3 tips to get more from your insights

Spiral alone

We had a client recently who said this at the end of his coaching session:

“What I got from today is that my development is a spiral. It’s not a linear trajectory”. 

As a smart and high performing executive the revelation that learning isn’t a neat diagonal line towards mastery was pretty significant.

And he’s not alone: most of us hold the belief on some level that success means getting it right the first time. When we don’t we can get frustrated, annoyed and disappointed.
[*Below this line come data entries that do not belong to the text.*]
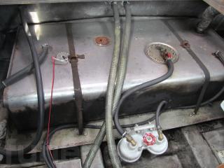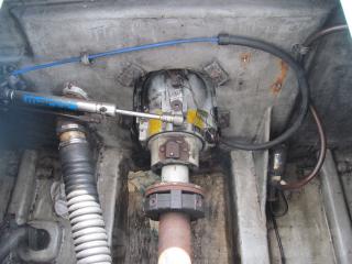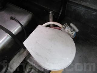 ステンレスの燃料タンク200Lの横に、手動式のマリントイレが設置されています。
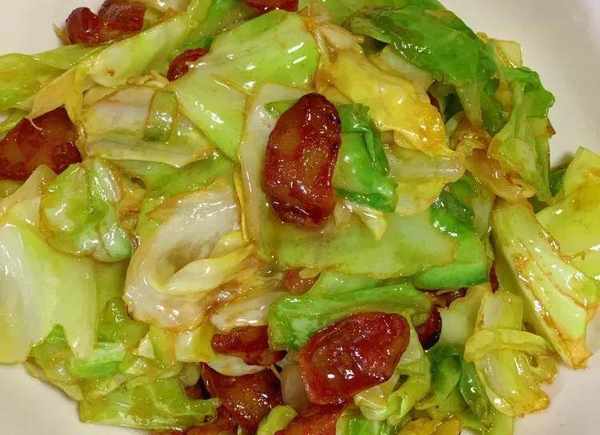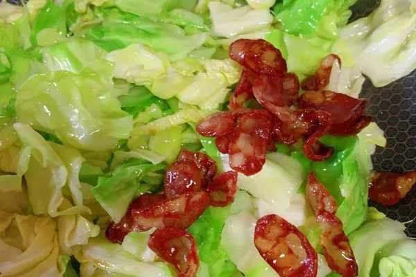 3.转大火放入包菜,翻炒2分钟至包菜断生,调入少许盐,加入蒜末、腊肠继续翻炒2分钟;
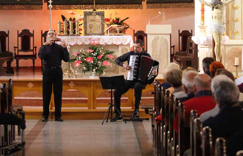 Na zdjęciu: Dumitru Harea (fletnia Pana) i Andrij Melnyk (akordeon) brawurowo wykonali kilka kompozycji.

The notion that learning is s spiral is gaining strong take-up around educational institutions. It is very relevant when complexity is present. What it means in practice is that the same issue must come around multiple times so that we can incrementally develop our consciousness to match the situation. With each revisiting of the issue we understand more deeply and navigate with more ease. We see more because we have gained some important combination of wisdom, skill, confidence, insight or knowledge.

But that horrible feeling of simply going around in circles or even spiralling down is a risk and a reality at least some of the time. One way to limit and manage this is to bring a higher level of awareness and engagement to the issue.

The next time you find yourself shrinking away from an issue that has cropped up again, here are our tips:

  1. Lean in – explicitly give yourself permission to learn. That puts your brain in a receptive frame of mind. It might help to visualise what is happening as a spiral. Within each loop of the spiral you probably need to do some observing, reflecting, planning and acting. These behaviours won’t happen in the same order every time  or require the same approach because this isn’t text-book learning. This is about evolution.
  2. When you are reflecting ask yourself what is different about this turn around the spiral. What did you learn last time and what might you learn this time? How can you embed this learning more deeply? If this feels like an almost painfully familiar issue, it might be a life theme for you. That’s OK, we all have our own ones of those. What might you call the theme (using positive language) so that you can recognise it more easily?
  3. See if you can clarify the goal of what you want to learn from being this experience. If you can get really clear and specific on the outcome or payoff, you’ll get that lovely endorphin rush when you get there, which will in turn create more openness to the process next time.

*Spiral Learning is the basis of leading education frameworks including in schools and universities around the world. See Bruner, Wilber and Graves.